MY FAVORITE ANDROID APPS (SO FAR): Since December, Google employees have been carrying T-Mobile G1 devices with the Android operating system installed. Here are some of my favorite applications so far: - G-Backup: Backs up your call log, text messages and pictures to your Gmail account. $4 one-time charge to download.
- PhonePlus Callback: Typically when I don't answer a call, I like to reassure the caller that I'm planning to get back to them. The PhonePlus app adds a button to your incoming call screen that sends the person a text message: "Will call you back in a bit!," or a message of your choice. $1 for a high quality version (one-time payment).
- Loopt: The original social location sharing service. Of course, Google has its own Latitude service as well, which is also a social location sharing service that works on Android.
- My Tracks: An application you can launch to record your GPS tracks every few seconds. This is useful so that you can share where you hiked, biked, drove or whatever on your vacation or day trip. Here's a recent motorcycle trip I took around San Francisco. After you record your journey, you can easily upload the data to Google Maps directly from your phone and send to your friends.
- Zombie, Run!: This game, by my friend and colleague Peter Dolan, locates you on a map of your town using your phone's GPS (or cell phone triangulation). It then populates the map with "zombies" -- mosters trying to eat you whose locations appear on your map nearby you. Your job: Escape the zombies moving towards your location on the map. If you don't run fast enough, you get eaten and you lose!
- Google Reader Mobile: Note that this isn't an installable app, just a nice mobile friendly version for Android's browser.
- ChompSMS: An SMS client that looks like the iPhone's. As if the default doesn't already.
- Trap: Jezzball for Android. For those dull moments in the subway where you don't have a connection for your feed reader.
Granted, some of these should be part of the OS. Maybe they will in future iterations. But one of the great things about an open handset is that developers can plug the gaps while the OS evolves.
OOPS!: A seriously unfortunate house listing. Check out the Street View for this house by Google Maps.
PREDICTIVE MODEL MARKUP LANGUAGE: Here's a cool product: The Predictive Model Markup Language (PMML). PMML is an open standard for sharing predictive models.
This allows different statistical packages and data mining systems to talk coherently to each other about a particular model. PMML supports a variety of algorithms -- so whether your model is based on regression, trees or whatever, it can be expressed in PMML.
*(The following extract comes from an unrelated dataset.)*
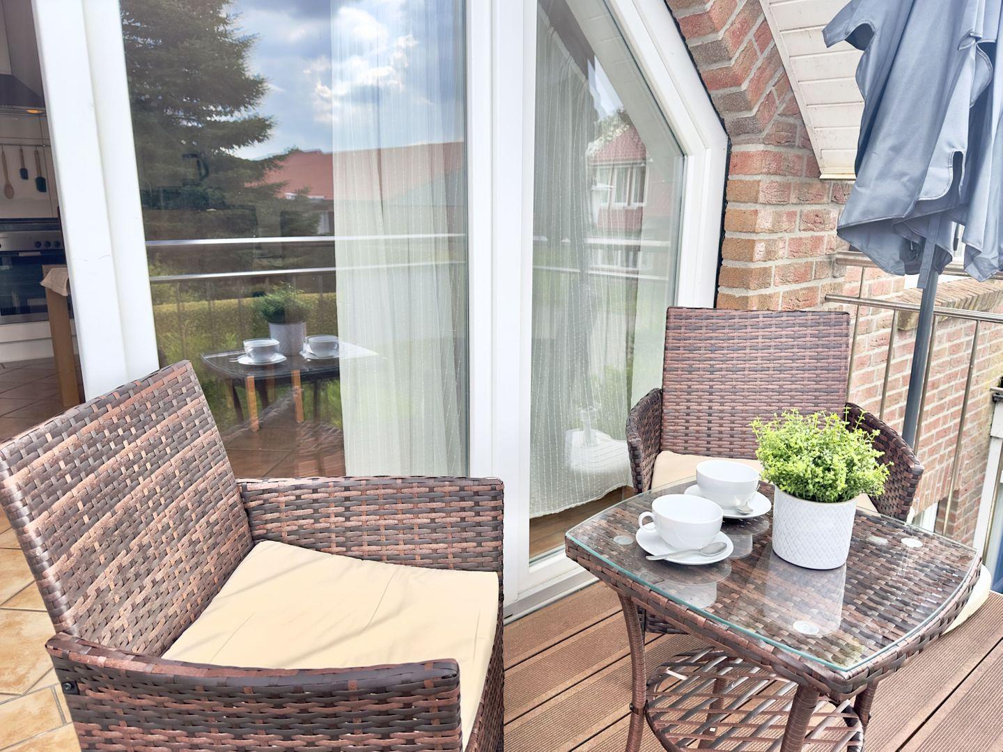Der Balkon bietet einen ruhigen Ort, um bei einem Glas Wein den Tag ausklingen zu lassen und die friedliche Umgebung zu genießen.

Here is a package for R and here is a tutorial and background. If you're looking for support, check out Zementis.
FREE ZIP CODE TO CONGRESSIONAL DISTRICT DATA: If you're doing quantitative research on Congressional districts, its often helpful to get a mapping between zip code and Congressional district. Shouldn't this kind of data be free and easy to find?
It wasn't, at least in my experience. There are a number of commercial providers of this data who seem to be charging way too much.
Fortunately, a few cool new organizations have popped up that can help. Sunlight Labs, a technology branch of the Sunlight Foundation, has an API that will allow you to extract this data. Similarly, Watchdog.net makes this data accessible via an API as well as text files (check out this 1.5GB mapping of zip+4 values to Congressional districts or this smaller file containing zip codes and districts only, without the +4).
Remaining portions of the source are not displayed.